By O’Brien Kimani
The Kenyan economy has shown resilient growth this year to remain one of the fastest-growing in the world.
Experts say 2017 is expected to be a critical year for the economy with looming elections, a sluggish global economic growth and the full impact of Brexit.
The Kenyan economy is projected to grow at a 6 percent pace above the 3 percent and 2.5 percent growth for Africa and the world.
After growing at a rate of 5 percent in the last four years, the Kenyan economy is now entering a critical year as the country gears for what is being billed as one of the most competitive elections in the history of the nation.
Political noise is expected to slow Foreign Direct Investment as most investors enter into a wait and see mode. The economy has been a global star performer to outpace many economies in the world.
At a projected growth rate of 6.5 percent the Kenyan economy is expected be to one of the fastest growing in the world. But economic experts agree on one thing, the road ahead is tough.
The World Bank predicts that Kenya’s economy will grow by 6% in 2017 and 6.1% in 2018. The bank says public investment, loose monetary policy and closer integration in the East African Community will support Kenya’s economy in 2017.
However, rising political uncertainty regarding presidential elections in August next year and sluggish world economic growth will put pressure on growth.
In 2016, the banking sector experienced what would perhaps be one of the biggest shake ups in the industry after President Uhuru Kenyatta signed into law the Banking Amendment Act which caps interest rates at 4 percent above the Central Bank Rate.

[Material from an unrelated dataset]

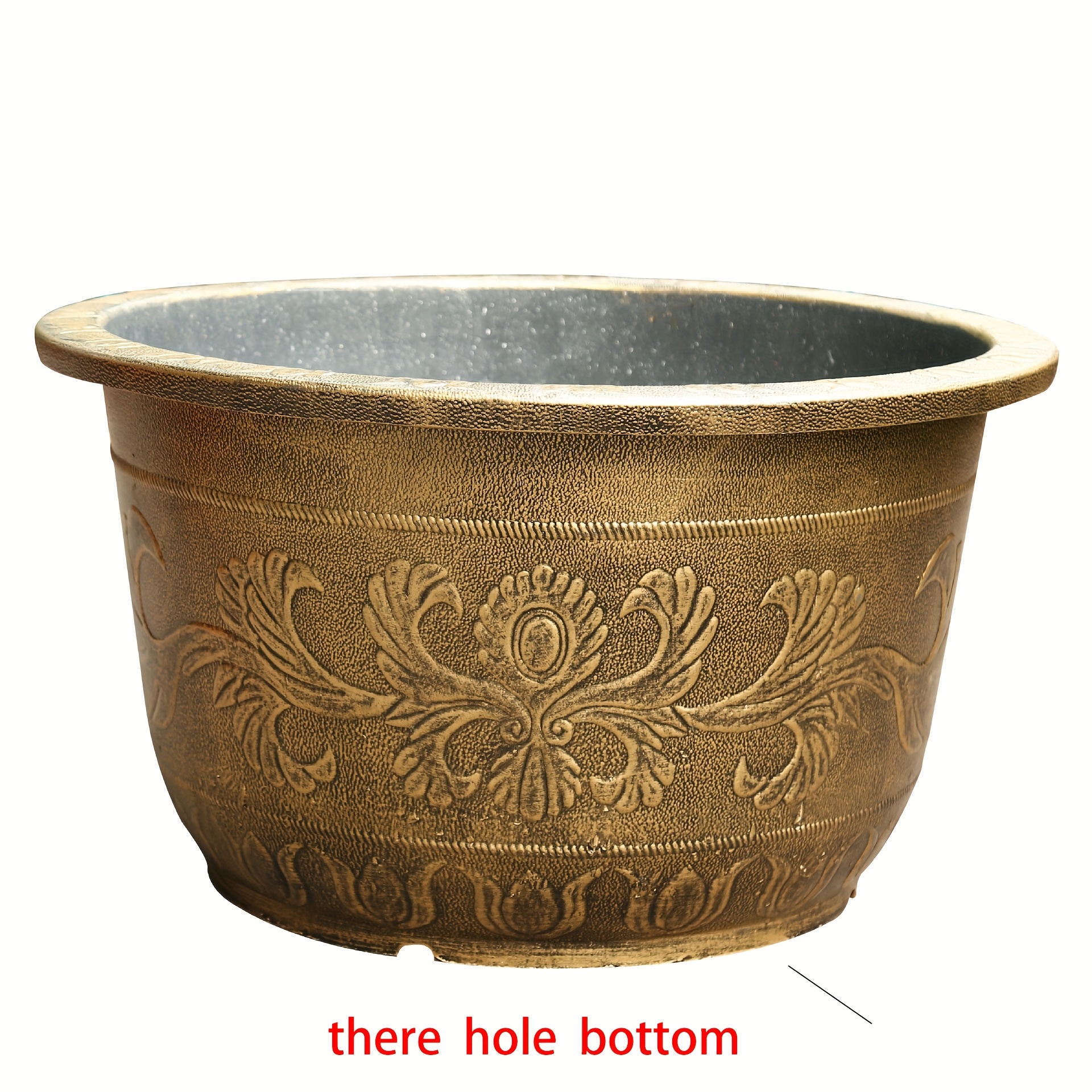 TEMU 우아한 청동색 대형 플랜터, 세련된 꽃무늬 패턴 - 내구성 있는 플라스틱, 배수 구멍이 있는 또는 없는 듀얼 스타일, 물을 사용한 재배에 이상적, 연꽃, 물고기, 등에 적합 - 실내/실외 사용, 실내용 식물용 그릇 | 장식용 플랜터 | 빈티지 스타일 그릇, 꽃용|화분

This would prompt commercial banks, amid protests and uncertainty, to reduce their interest rates from an average of 20 percent to 14.5 percent in line with the new law.
According to the World Bank, the capping of lending rates for commercial banks could also pose a risk to economic growth.

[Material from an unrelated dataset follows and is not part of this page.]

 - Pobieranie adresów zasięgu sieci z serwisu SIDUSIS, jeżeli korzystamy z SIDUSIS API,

The National Treasury forecasts Kenya’s economy will grow 6 percent in 2017 and by 7% a year in the medium term before accelerating to 10 percent by the year 2020.
According to the Kenya National Bureau of Statistics (KNBS) quarterly report, Kenya’s economy expanded by 6.2% in the second quarter compared to 5.9% in the same period in 2015.

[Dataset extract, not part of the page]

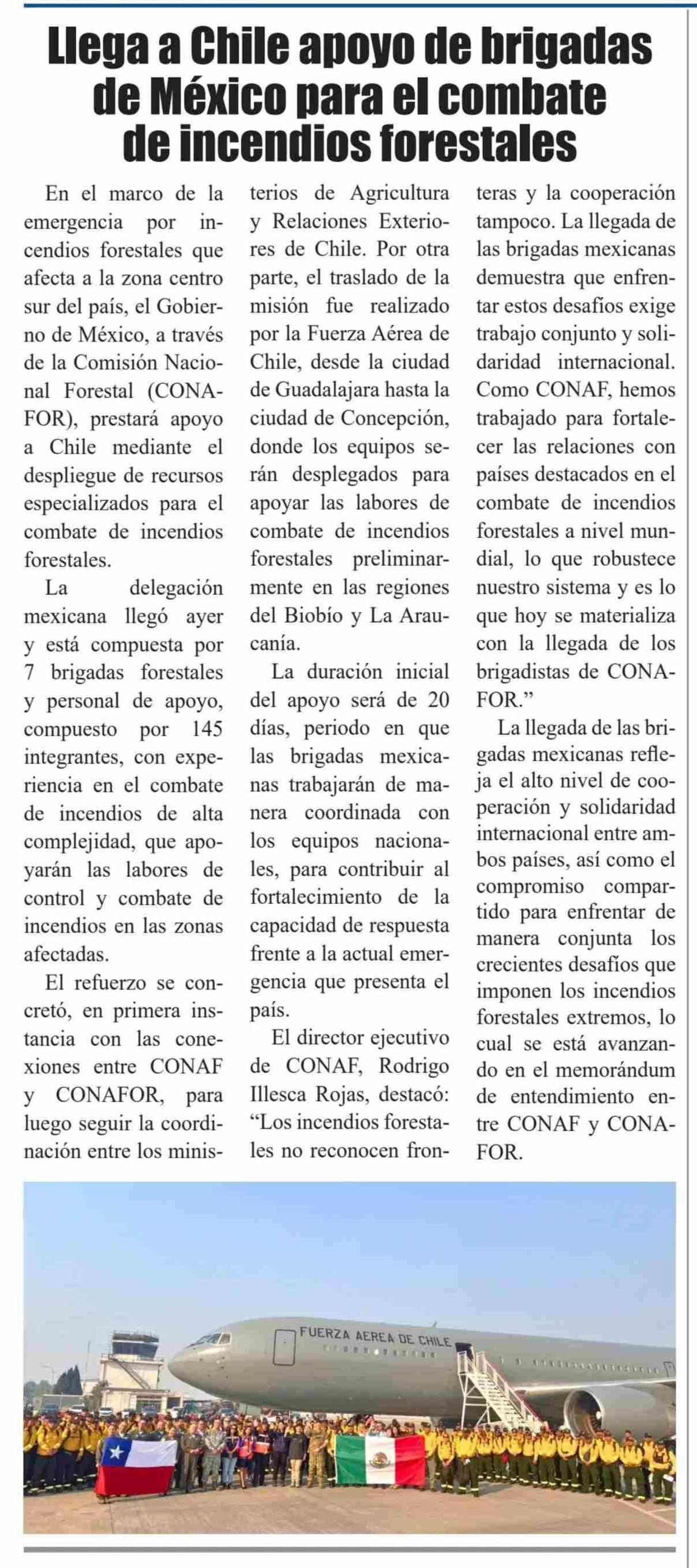 Llega a Chile apoyo de brigadas de México para el combate de incendios forestales

This growth was mainly supported by agriculture, transportation; real estate and retail trade. Manufacturing, construction, financial and sectors slowed down during this quarter.
On 28th November, the Central Bank of Kenya (CBK) held its main policy rate on hold at 10.00%. The Bank had cut the interest rate at its previous meeting in September in a bid to support lending to the private sector.
The International Monetary Fund says Kenya needs to embark on fiscal consolidation while increasing her tax base to arrest a yawning budget deficit.
During the year, the Central Bank of Kenya put Chase Bank under receivership for one year, appointing the Kenya Deposit Insurance Corporation as the receiver manager after the bank experienced liquidity difficulties. CBK governor Dr. Patrick Njoroge explained that panic withdrawals and inaccurate reports on Social Media about the bank’s management had led to a run on Chase Bank.
Nonetheless, three weeks after being put under receivership, Chase Bank reopened its doors to customers under the management of Kenya Commercial Bank making it the first bank to ever get back on its feet after being put under receivership.
Last month consumer prices rose 0.71% over the previous month, coming in above the 0.62% increase observed in October. However the figure remains within the Central Bank’s inflation target range of 5.0% plus/minus 2.5 percentage points.
Annual average inflation remained at the previous month’s 6.5% in November. The foreign exchange market remains relatively stable despite the volatility in global financial markets following the results of the U.S. elections and the seasonal increase in demand for foreign currency.
CBK says growing export demand is expected to shield the Kenyan currency from demand pressures. However a slowdown in private sector credit growth, which is a direct consequence of the government’s decision to limit commercial banks’ interest rates, and the relatively weaker currency, could hold back activity growth in the private sector.
Activities at the Nairobi Securities Exchange remain depressed as the market suffers from a bear run that picked early this year. The market has shed close to 30 percent of her value. All eyes are now fixed on 2017 to see how the Kenyan economy will perform.